SOURCE RECORDS START

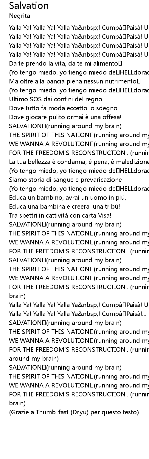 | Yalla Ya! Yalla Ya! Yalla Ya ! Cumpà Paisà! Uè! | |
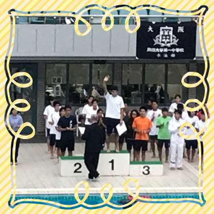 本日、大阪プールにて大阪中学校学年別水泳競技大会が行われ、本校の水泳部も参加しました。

SOURCE RECORDS END
SOURCE RECORDS START

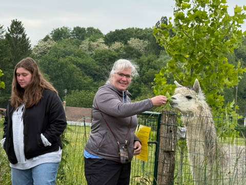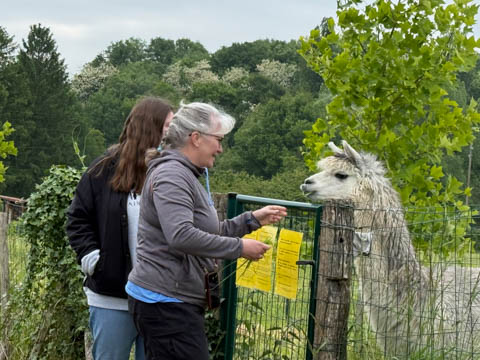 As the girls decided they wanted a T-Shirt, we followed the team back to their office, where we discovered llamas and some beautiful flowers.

SOURCE RECORDS END
SOURCE RECORDS START

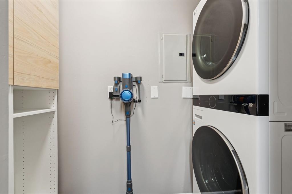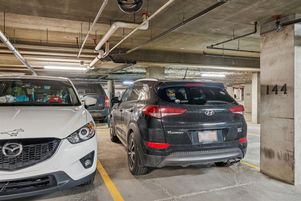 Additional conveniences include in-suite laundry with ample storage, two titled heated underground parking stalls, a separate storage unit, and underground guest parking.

SOURCE RECORDS END

> _PROBLEM TO SOLVE_
Would you copy the lines above exactly, starting with the one that has "Paisà! Uè! | |" and ending with the one that has "本日、大阪プールにて大阪中学", both included, without the pictures?

> _RESPONSE TO THIS TASK_
 | Yalla Ya! Yalla Ya! Yalla Ya ! Cumpà Paisà! Uè! | |
 本日、大阪プールにて大阪中学校学年別水泳競技大会が行われ、本校の水泳部も参加しました。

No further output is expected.